▸ **Records shown**

● ● ●

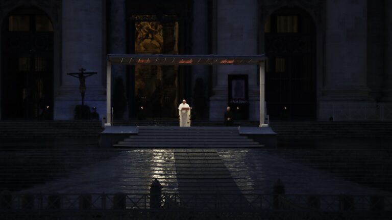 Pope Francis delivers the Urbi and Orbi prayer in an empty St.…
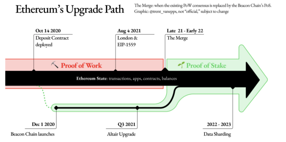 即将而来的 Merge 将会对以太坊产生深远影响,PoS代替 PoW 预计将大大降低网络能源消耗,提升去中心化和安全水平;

● ● ●

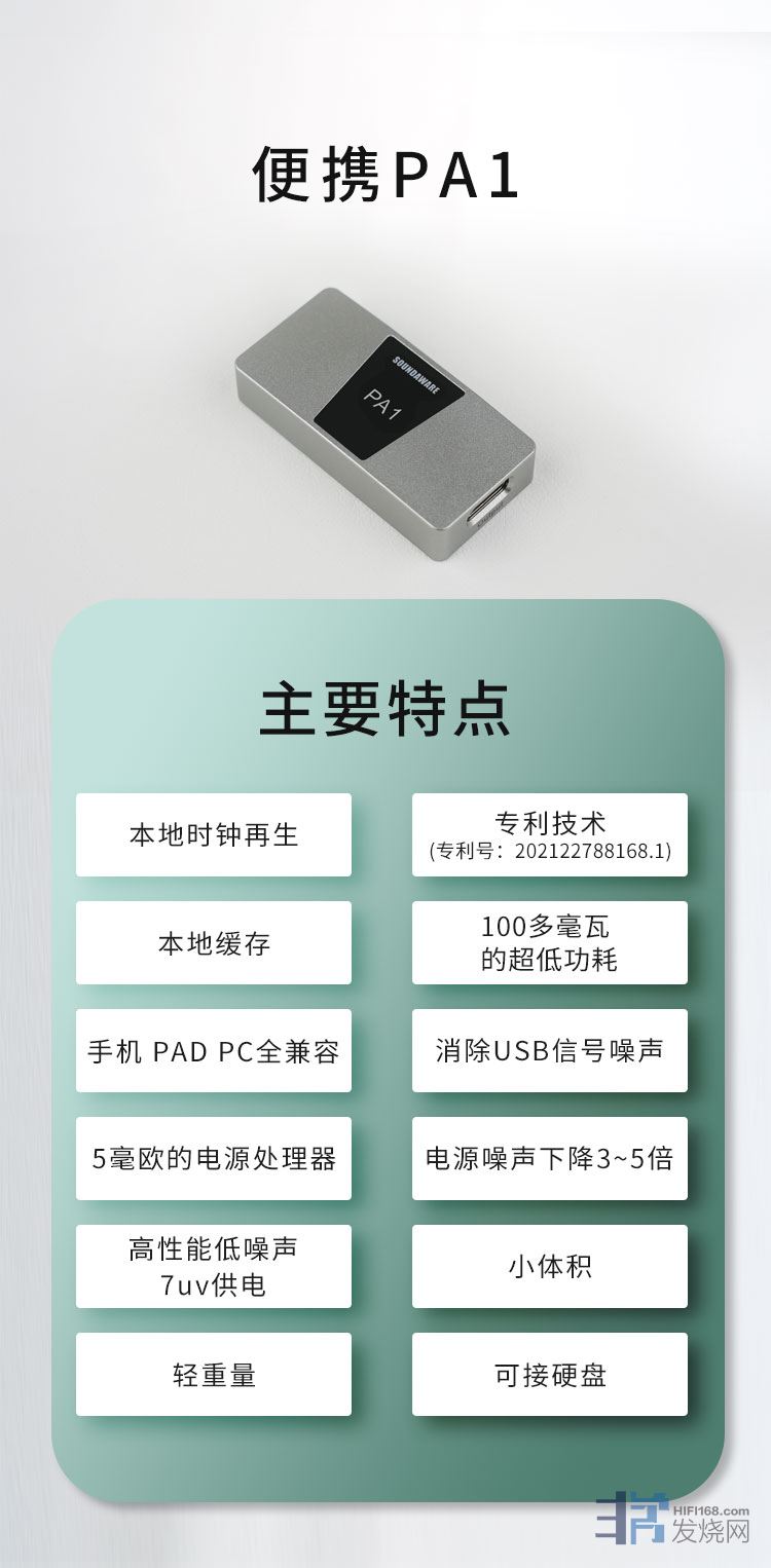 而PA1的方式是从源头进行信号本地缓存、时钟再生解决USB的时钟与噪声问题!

● ● ●

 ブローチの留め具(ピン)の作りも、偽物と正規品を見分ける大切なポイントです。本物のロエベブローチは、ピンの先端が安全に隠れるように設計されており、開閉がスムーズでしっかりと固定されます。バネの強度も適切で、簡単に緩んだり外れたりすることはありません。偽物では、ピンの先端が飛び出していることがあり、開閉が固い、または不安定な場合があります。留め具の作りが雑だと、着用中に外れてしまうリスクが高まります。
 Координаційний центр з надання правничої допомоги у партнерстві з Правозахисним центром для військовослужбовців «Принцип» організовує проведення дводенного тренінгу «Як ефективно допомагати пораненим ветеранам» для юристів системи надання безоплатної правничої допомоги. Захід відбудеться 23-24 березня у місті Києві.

● ● ●

▸ **The problem**
Beginning with the line holding "Pope Francis delivers" in the material above, restate word for word each line through the line holding "即将而来的 Merge 将会对以太坊产生深远影响,PoS代替", and exclude pictures.

▸ **Answer box**
 Pope Francis delivers the Urbi and Orbi prayer in an empty St.…
 即将而来的 Merge 将会对以太坊产生深远影响,PoS代替 PoW 预计将大大降低网络能源消耗,提升去中心化和安全水平;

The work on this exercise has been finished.